Меркулов опустил глаза и нахмурился. То, что он узнал от отца, растревожило и разозлило его. Теперь он собирался с духом, чтобы спокойно и без ненужных эмоций изложить содержание телефонного разговора.
— Иван Александрович выяснил, что на одном заводе, не будем его пока называть, это не проверено, группа конструкторов предложила свой вариант ряда устройств для новой доменной печи. Они решили использовать ваш отказ подписать заявку, чтобы утвердить свою. А для этого надо время. Вот в чем дело.
XVI
Меркулов поднялся. Ему хотелось движения — быстрее успокоишься. Он прошелся по комнате и посмотрел на Григорьева из дальнего угла кабинета. А тот, охватив лоб массивной ладонью, повернулся к широкому окну и смотрел на вороненые, заслонявшие полнеба доменные печи. «Что ты молчишь? — думал Меркулов. — Почему так спокоен?
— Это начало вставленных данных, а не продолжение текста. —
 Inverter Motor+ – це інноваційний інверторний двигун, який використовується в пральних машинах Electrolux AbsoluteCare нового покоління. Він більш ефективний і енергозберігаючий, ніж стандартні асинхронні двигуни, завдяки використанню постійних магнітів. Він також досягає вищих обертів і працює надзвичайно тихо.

Что ты будешь отвечать завтра Логинову, которому новая печь нужна позарез? Что?..»
Григорьев тяжело повернулся в кресле и, усмехнувшись, сказал:
— Ну что ж, всем этим должна заинтересоваться прокуратура…
— Да, пожалуй… — неуверенно заметил Меркулов. — Говорят, там двое уже лежат с инфарктами…
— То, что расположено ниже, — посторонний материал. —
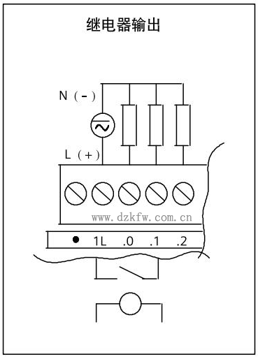 繼電器輸出外圍接線如下圖所示:
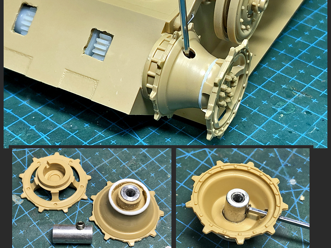 さらにギアボックスの出力軸に固定するためのハブを追加します。ココは重い金属履帯ごと車体を引っ張るトルクが掛かるので、ハブはアルミパイプで頑丈に作ります。キットパーツの穴を開け直してパイプを圧入、瞬着で固定します。出力軸には元々「回り止め」のDカット加工がしてあるので、ここにイモネジで固定するための穴をパイプに開けてネジを切っておきます。ただしそのままでは六角レンチを差し込むスキマがないので、スプロケットパーツにも穴を開けて対策します。

— Вполне логично, — сказал Григорьев. — Но нам с вами надо заниматься не прокурорским надзором, а нашим делом.
— Что же вы завтра скажете Логинову, да и всем здесь на заводе, как вы объясните? Вчера он звонил в Москву, его уверили, что во всем виноваты вы…
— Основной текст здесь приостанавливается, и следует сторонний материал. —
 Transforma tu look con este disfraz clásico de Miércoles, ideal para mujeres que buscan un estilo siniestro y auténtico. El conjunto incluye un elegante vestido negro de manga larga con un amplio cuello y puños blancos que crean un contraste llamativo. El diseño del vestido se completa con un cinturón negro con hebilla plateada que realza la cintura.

Григорьев опустил веки, посидел неподвижно. Потом взглянул на Меркулова и спросил:
— Билет на самолет вам достали?
— На завтра, на ночной рейс, — с облегчением ответил Меркулов, понимая, что неприятный разговор окончен.
— Составьте подробную записку о положении на заводе, изложите меры, которые необходимо принять, — распорядился Григорьев и начал говорить о предстоящей Меркулову приемке вновь отстроенной на Юге печи. Советовал обратить особое внимание на подготовку плавильных материалов и на состояние внутризаводского транспорта, так сказать, тылы доменного цеха.
— Не буду дольше задерживать, вам надо пообедать, — сказал он на прощание, — наверное, весь день голодовали, судя по обилию впечатлений на заводе. Ну, что же, пожелаем друг другу счастливого пути.
Меркулов пожал руку Григорьеву и невольно всмотрелся в его лицо — есть ли в напутствии какой-то особый смысл, помимо обычной вежливости? Григорьев улыбался своей мягкой улыбкой.
У двери Меркулов оглянулся. Григорьев, откинувшись в кресле, подвинув к себе на самый край стола плавильный журнал, всматривался в сделанные там записи. «Ну и спокойствие! — подивился Меркулов. — Он еще здесь что-то преподнесет им всем…» Под словами «им всем» он подразумевал и Логинова, и Середина, и Андронова, и тех, кого он не мог знать, но кто, несомненно, следил за каждым словом и поступком Григорьева.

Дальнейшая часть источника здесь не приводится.